La peculiarità di questa occupazione è che rappresenta in modo emblematico il mutamento in atto nella nostra società. Le persone che lo abitano sono quelli che i media definiscono i nuovi poveri: famiglie che anche con 1200 euro al mese, il salario medio di un capofamiglia, non riescono a sopravvivere se due terzi se ne vanno in affitto e bollette. Qualcuno di loro ha alle spalle errori di gioventù e ha già pagato il conto con la giustizia o con se stesso, rimettendosi in carreggiata. Ma la maggioranza degli inquilini abusivi di via Volonté non ha alcuna dimestichezza con l'illegalità. L'occupazione di uno spazio altrui è stato per loro il primo reato commesso nella vita; non senza scrupoli, tentennamenti, paura, disagio. E vergogna.

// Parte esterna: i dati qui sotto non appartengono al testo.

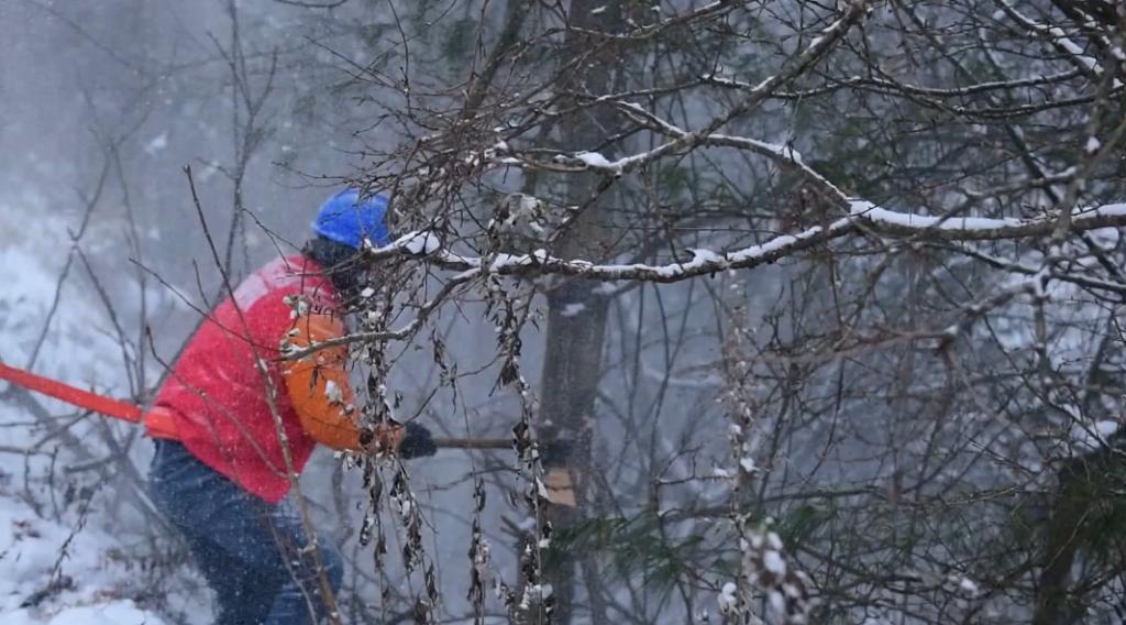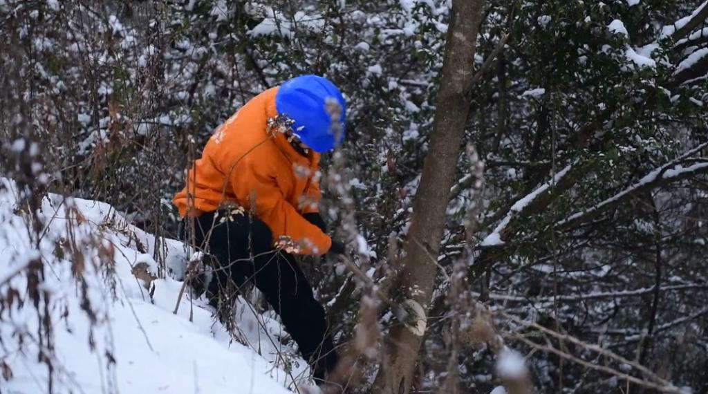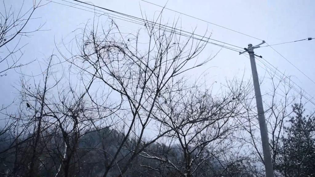 处理完台区故障剩下下的3名师傅又开始了线路隐患的巡视,在公路的悬崖边上,发现了即将触碰导线的超高树木。“看嘛!这树枝已经侵线了,(可能)导致线路短路,要把它清楚掉。”沿着曾家供电所电力员工向德军视线望去,悬崖边上,几棵树的枝丫已然将电线围住,必须立即清理。但雪天脚下湿滑,工作开展起来很是费力。

Sono fantasmi: hanno occupato una palazzina che non risulta ancora nelle mappe ma hanno ottenuto, alla fine, un regolare certificato di residenza.
Il film racconta cosa significa occupare una casa e come lo si fa.
Racconta l'organizzazione e la vita all'interno di un'occupazione: i problemi quotidiani, la suddivisione dei compiti, la condivisione degli spazi e del tempo libero, il mutuo soccorso, i rapporti con il vicinato e con le autorità, l'imbarazzo dei figli che a scuola non vogliono dire dove abitano, l'angoscia che a ogni alba possa entrare la polizia e buttarti fuori.
Quando si parla di case occupate si immaginano edifici della peggiore edilizia popolare o ex fabbriche in stato di abbandono, magari fatiscenti e pericolanti, adibiti a centri sociali per giovani chiassosi o popolati da borderline ed emarginati a vario titolo. Non è sempre così.